L’intervento è del valore di 2.427.741 euro finanziati dal PNRR.

“Il progetto – sostengono l’assessora all’Urbanistica Federica Del Conte e l’assessore alle Politiche sociali e abitative Gianandrea Baroncini – si prefigge come obiettivo generale di migliorare la qualità della vita degli anziani, incrementando autonomie e potenziando i servizi di assistenza alle necessità quotidiane, ampliando le possibilità di socializzazione, limitando i casi di emarginazione e solitudine; nel caso particolare si riconverte una struttura dismessa, in disuso da un decennio, restituendola alla comunità in senso ampio, da un punto di vista estetico ma soprattutto etico perché funzionale alle esigenze dei nostri cittadini”.
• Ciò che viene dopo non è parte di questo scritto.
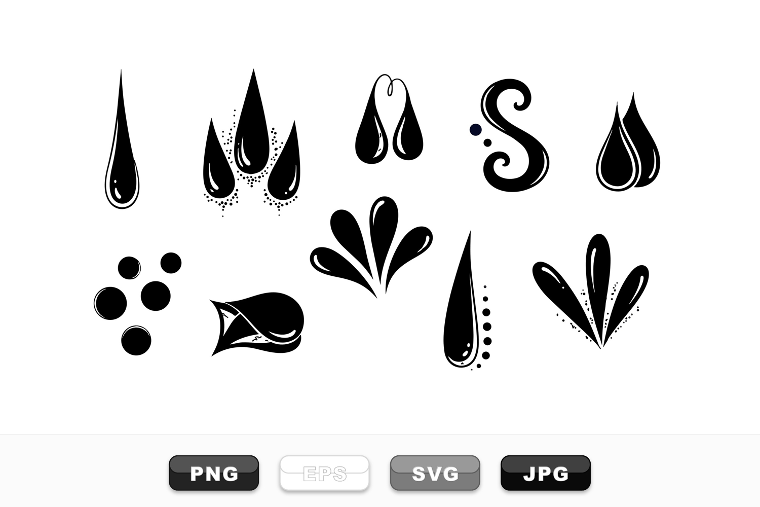 A flat design collection of black droplet and splash icons shown on white background for branding and print uses, bold.
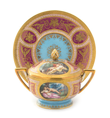 A Royal Vienna Porcelain Two-Handled Cup, Cover and Saucer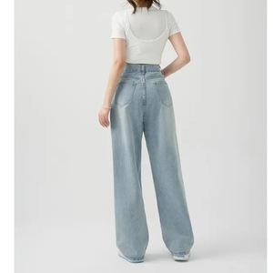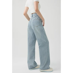 秋季新款大码刺绣牛仔裤女高腰宽松显瘦遮肉阔腿直筒大码女装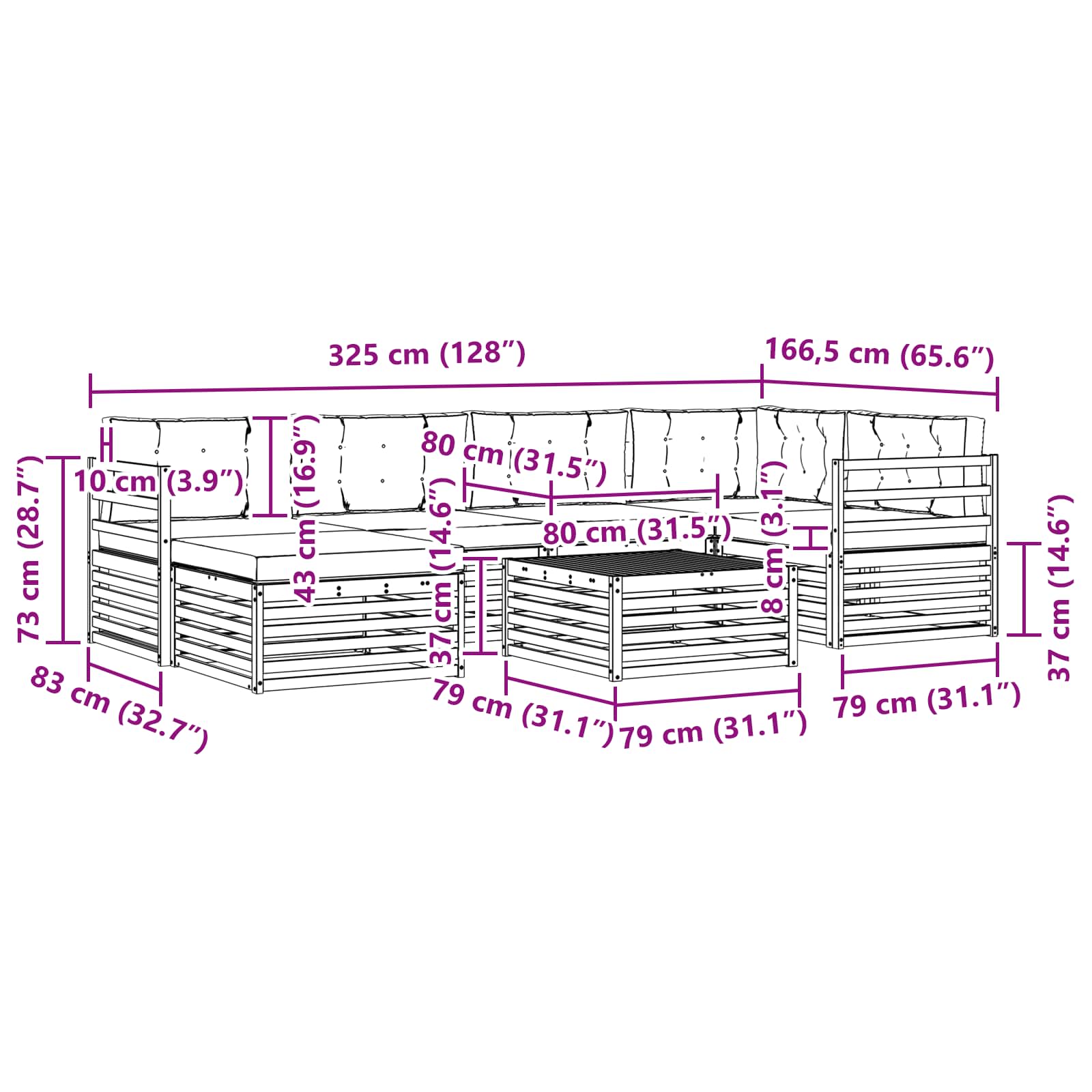 - 6 x Sitzkissen: 80 x 80 x 8 cm (LxBxH)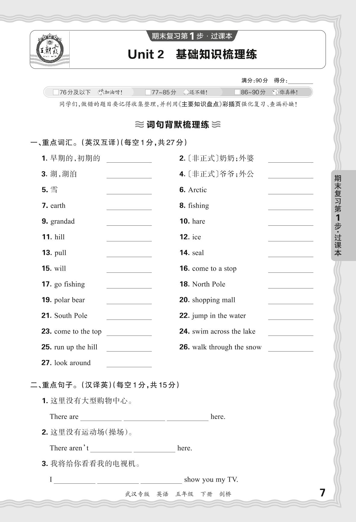 2024春下册五年级英语剑桥版 期末过课本武汉版·Unit 2 基础知识梳理练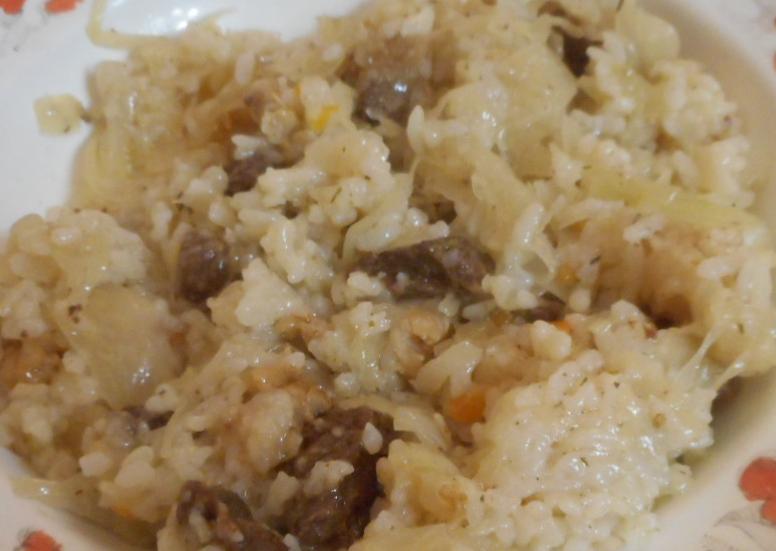 Сделал наконец-то мульгикапсад. Поскольку на даче, пришлось обходиться тем, что есть, зато готовил в условиях, приближенных к естественным. Говядины не было, свинины не было, было свиное сало и лосятина, решил что для деревенского блюда такая замена приемлема. Капусты оказалось мало, потому что я много съел вилкой, и исходил уже не из рецепта, а из наличия. Думаю, для крестьянской пищи это тоже нормально. Перловку взять забыл, заменил рисом, и очень понравилось. Много лучше, чем просто каша, по уровню качества примерно как плов.

Il nuovo complesso, formato dall’edificio che ospitava la scuola dell’infanzia Zaccagnini, oggi trasferita in via Pietro da Rimini grazie alla costruzione del nuovo edificio – insieme ai due fabbricati annessi di recente costruzione, sarà costituito da 15 mini alloggi, doppi o singoli, ciascuno di essi con servizio igienico, una camera da letto doppia o singola e una zona giorno per ospitare parenti o amici in visita, attrezzata di un piccolo angolo cottura per offrire caffè, tè, tisane o altro. La residenza si svilupperà complessivamente su due livelli e i fabbricati saranno collegati tra loro per dare continuità nei camminamenti. La mensa e la sala comune offriranno l’opportunità di essere utilizzate come laboratori per l’autonomia personale, di lettura, di scrittura, cineforum eccetera. Al piano terra sono previsti ingresso con ascensore monta-lettiga, ambulatorio, tre mini alloggi doppi, sala comune; al primo piano verranno realizzati quattro mini alloggi doppi, due mini alloggi singoli, portierato con inclusa zona gestione allarmi notturni, i servizi del personale.

Il progetto si ispira ai tre principi fondamentali dell’adattabilità, della visitabilità e dell’accessibilità.

Per quanto riguarda i tempi di realizzazione sono stati previsti due anni e mezzo compresa la procedura di gara. La consegna dei lavori avverrà presumibilmente a inizi giugno 2023 per concludersi a giugno 2025, rispettando le tempistiche del finanziamento PNRR.